The last couple years are like finishing a PhD thesis: getting everything on record, making sure others can use it, leaving your mark, arranging your ducks collinearly in matters of estate planning, pensions & other financial matters, winding down complex investments, arranging different insurance, and so on.

It’s been a busy time.

Boston Pops Ticket 2023-Jun-08: A European Tour, Narrated by Rick Steves But… your humble Weekend Editor has had 6 COVID-19 vaccinations, and the august Weekend Editrix has had 5 (soon to be 6, as a birthday present). Perhaps it’s time to venture out a bit more? We have, after all, started going back to restaurants. So when some friends invited us to accompany their family to the Boston Pops, we figured it was a good time.

Rick Steves and Arnold Schwarzenegger

(NB: Here and further below, most pictures will expand to larger versions when you click upon them.)

The Boston Pops is a bit unusual: it’s mostly Boston Symphony Orchestra players, though not always each of the first-chair players. There’s some complicated relationship – which I’ve never bothered to figure out – with the part of the orchestra who decamp westward in summer to Tanglewood. The music they play is “pop with a bit of classics” or “classical music with the boring parts left out”, as Liberace used to say. (Please excuse me for a minute while I go wash my mouth out with soap for making that comparison…)

Symphony Hall 2023-Jun-08: Stage view, before starting Symphony Hall 2023-Jun-08: Back view, before starting Shown here are first balcony views of the stage, and the back of the house, before the start.

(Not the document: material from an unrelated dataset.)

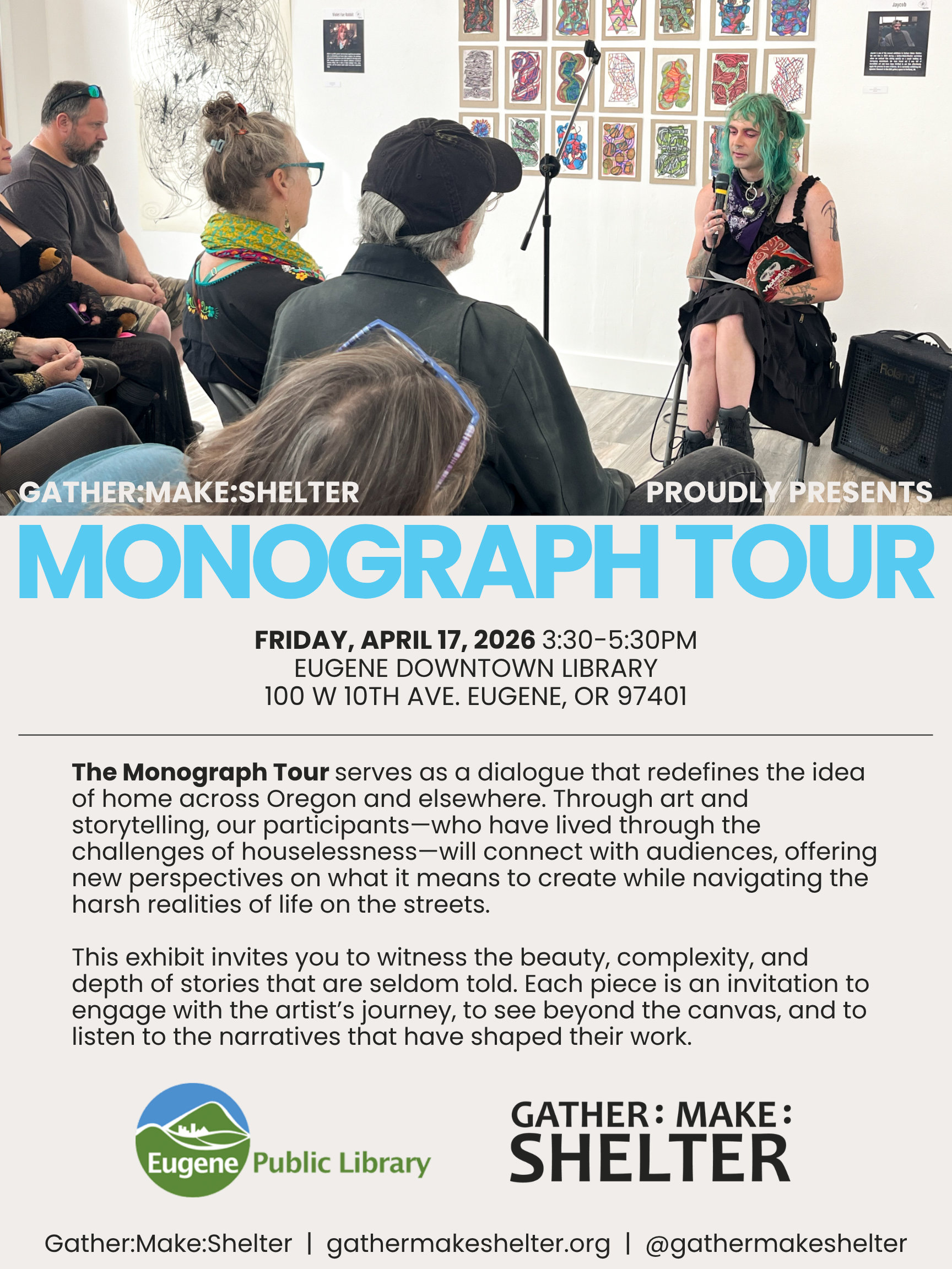 The Monograph Tour features the works of Gather:Make:Shelter artists who reimagine what it means to be an artist and community member. In tandem with their completed creative work, featured artists will speak publicly about the power of creating amidst their experience with houselessness. The Monograph Tour serves as a dialogue that redefines the idea of home across Oregon and elsewhere.

Yes, the backlighting is in the colors of the Ukrainian flag; you’re allowed zero guesses why.

Sure, it’s crowded and the balcony seats seem designed for the sans patella subspecies of H sapiens, just like budget airlines. Or, perhaps recycled from an evil design collaboration between Torquemada and Savonarola: the torture from the former being designed to distract you from enjoying the art so despised by the latter. On the other hand, it’s gorgeous in an over-the-top 19th century way, and has amazing acoustics with a rich history.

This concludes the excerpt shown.